2.1 Interaction with other methods
Although the Contractors Basis is a method of valuation which has regard to cost, it does not follow that this method should necessarily be adopted just because full costs are known or are available.
Any method of (rating) valuation is only a means to an end, namely to establish the rental value of the hereditament and the rental basis (whether direct or indirect) should be the valuer's preferred approach, providing of course that the rental evidence is sufficiently soundly based, and that where comparison is necessary, it can properly be made having regard to the use and class of the properties involved.
There will however be cases where the valuer is faced with the decision as to whether to change a previously adopted (and possibly agreed) method of valuation. It is envisaged that normally it will not be appropriate to change from a rental to a Contractors Basis, as the inference is that if the former method has been adopted it will have been because rental evidence has been available or because it was possible to make comparison with other classes where rental evidence did exist, and in either of these circumstances the Contractors Basis is not the most appropriate method.
The exceptions to this would be if:
- the rental evidence within the class has ceased to exist and comparison with other classes is not possible; or
- it is clear that comparison with other classes has not given the right answer; or
- there has been technological or other change within the class as a result of which comparison with other classes is no longer appropriate.
The fact that costs are now available (eg. within the Rating Cost Guide) is not sufficient in itself to cause a departure from a valuation method that would otherwise be appropriate.
Conversely, if rental evidence has become available, it may well be appropriate to change from the Contractors to a Rentals Basis, but, in any event, the valuer needs to keep firmly in mind what is to be achieved.

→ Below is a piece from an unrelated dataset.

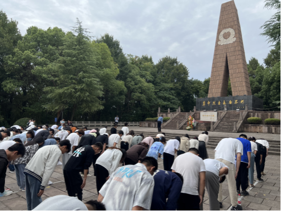 24日,实践团队一行来到芜湖市革命烈士陵园,这里存放着芜湖市各个历史时期涌现出的85名革命烈士的骨灰。在庄严、肃穆的气氛中,师生们怀着崇敬的心情向革命烈士敬献了鲜花,在革命烈士纪念碑前鞠躬致敬,缅怀他们为人民立下的不朽功勋。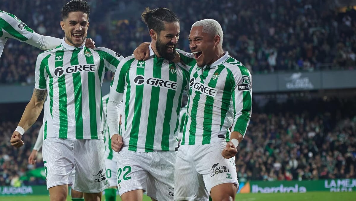 'O Tigrinho' celebra con Bartra e Isco el gol de éste tras penalti provocado por él mismo.IG

The method to be adopted is that which it is considered is more likely to give the correct value in accordance with the statutory basis.
Where there is insufficient rental evidence available to provide a reliable basis for valuation, the Receipts and Expenditure Method is to be preferred to the Contractors Basis but it is not appropriate where the hereditament is not occupied for profit (see Vol 5:600 for local authority hereditament and the Lands Tribunal decision in respect of Leisure Centres : Eastbourne Borough and Wealden District Councils v PS Allen (VO) RA 16-17/1999) or where the profits arising from occupation cannot be ascertained. The Contractors Basis may not be appropriate where the hereditament is unique and incapable of being reproduced (eg. British Telecom).
2.2 Mixing valuation methods
Although as a general rule it is not appropriate to mix valuation methods in the build up of a valuation, it is acceptable to do so where a hereditament valued on the Rentals Basis includes additional items, eg. plant and machinery, which are not reflected in the rental evidence for that class, and for which no separate rental evidence exists.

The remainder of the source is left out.